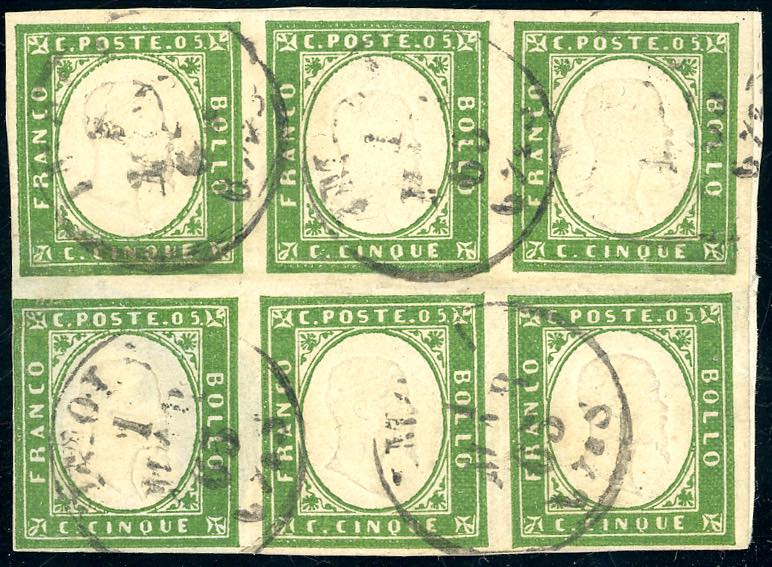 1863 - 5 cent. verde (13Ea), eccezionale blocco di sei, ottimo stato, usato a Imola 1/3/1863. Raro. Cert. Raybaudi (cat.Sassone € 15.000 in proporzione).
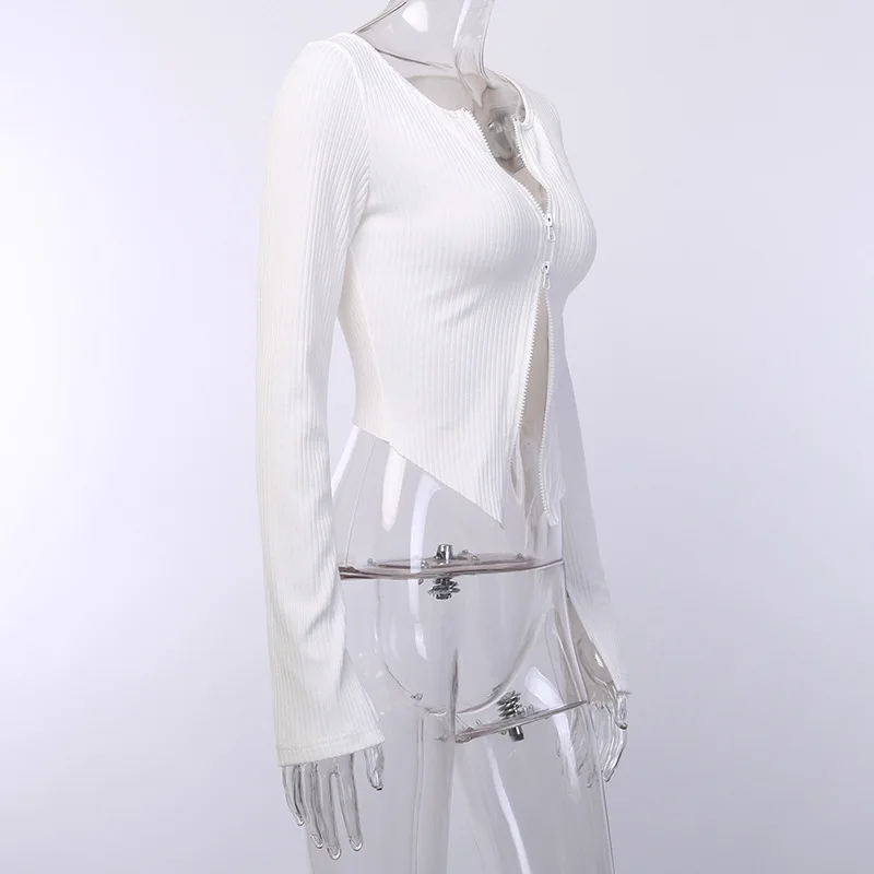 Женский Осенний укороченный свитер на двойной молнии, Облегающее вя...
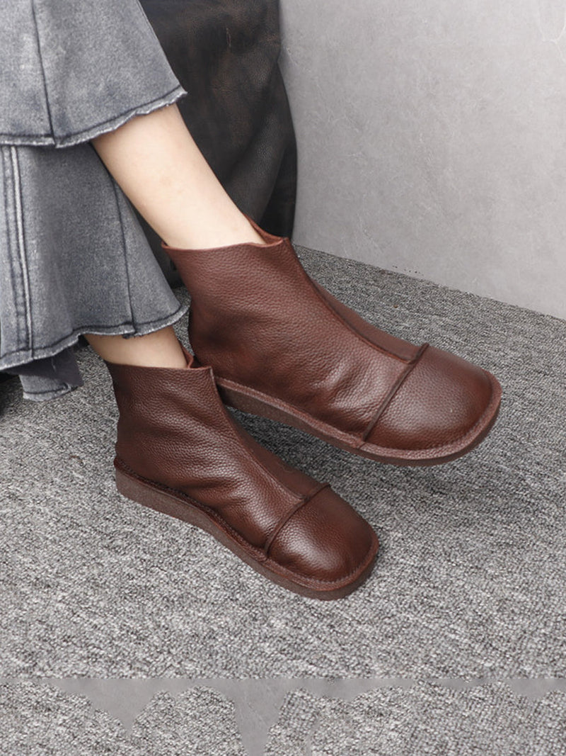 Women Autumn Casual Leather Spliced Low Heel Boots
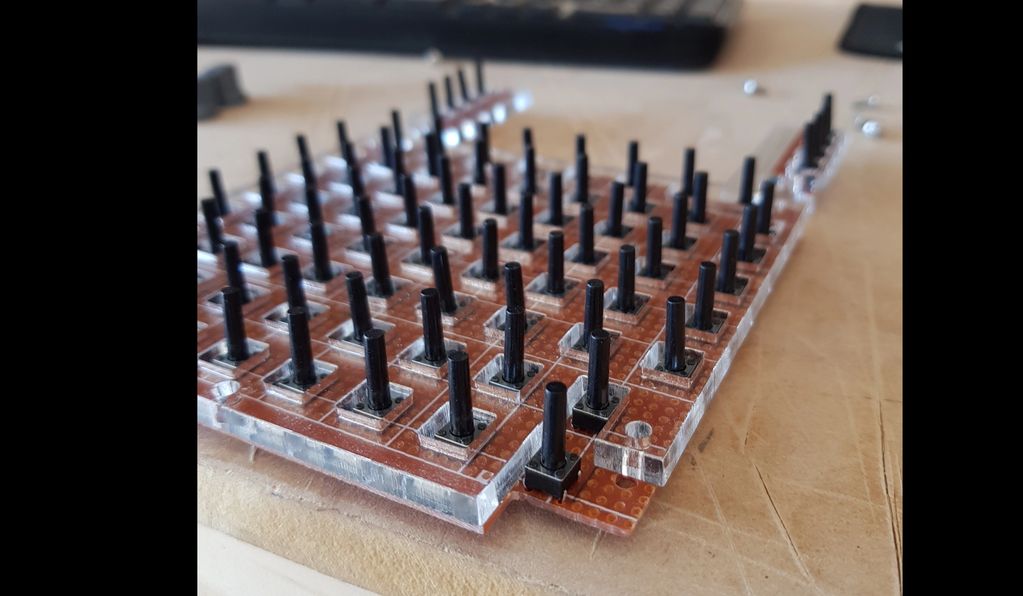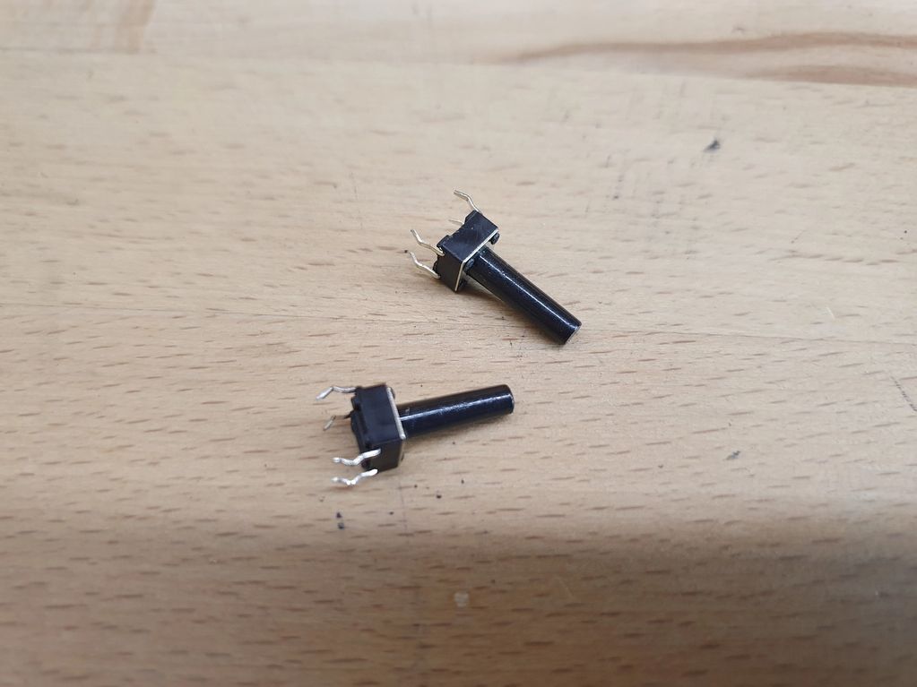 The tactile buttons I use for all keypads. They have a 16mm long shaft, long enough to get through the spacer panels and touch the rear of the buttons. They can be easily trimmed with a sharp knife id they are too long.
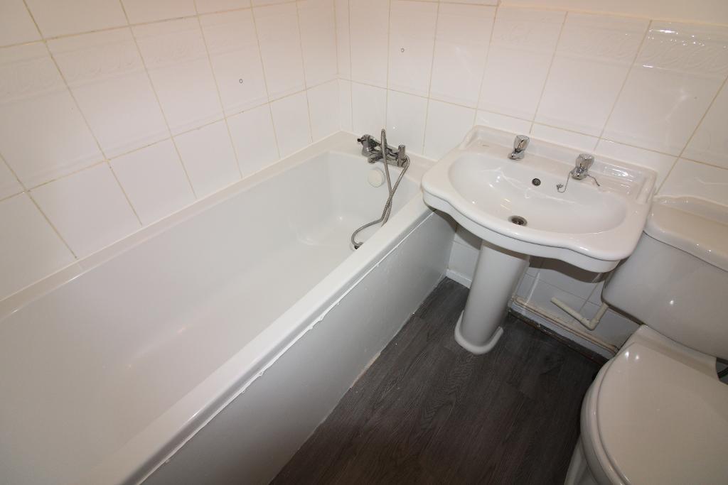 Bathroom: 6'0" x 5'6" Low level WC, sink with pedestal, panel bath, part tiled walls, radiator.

ABOUT THIS TASK
Wherever a picture appears in the records above, leave it out and transcribe everything else exactly.

RESPONSE AREA
 1863 - 5 cent. verde (13Ea), eccezionale blocco di sei, ottimo stato, usato a Imola 1/3/1863. Raro. Cert. Raybaudi (cat.Sassone € 15.000 in proporzione).
 Женский Осенний укороченный свитер на двойной молнии, Облегающее вя...
 Women Autumn Casual Leather Spliced Low Heel Boots
 The tactile buttons I use for all keypads. They have a 16mm long shaft, long enough to get through the spacer panels and touch the rear of the buttons. They can be easily trimmed with a sharp knife id they are too long.
 Bathroom: 6'0" x 5'6" Low level WC, sink with pedestal, panel bath, part tiled walls, radiator.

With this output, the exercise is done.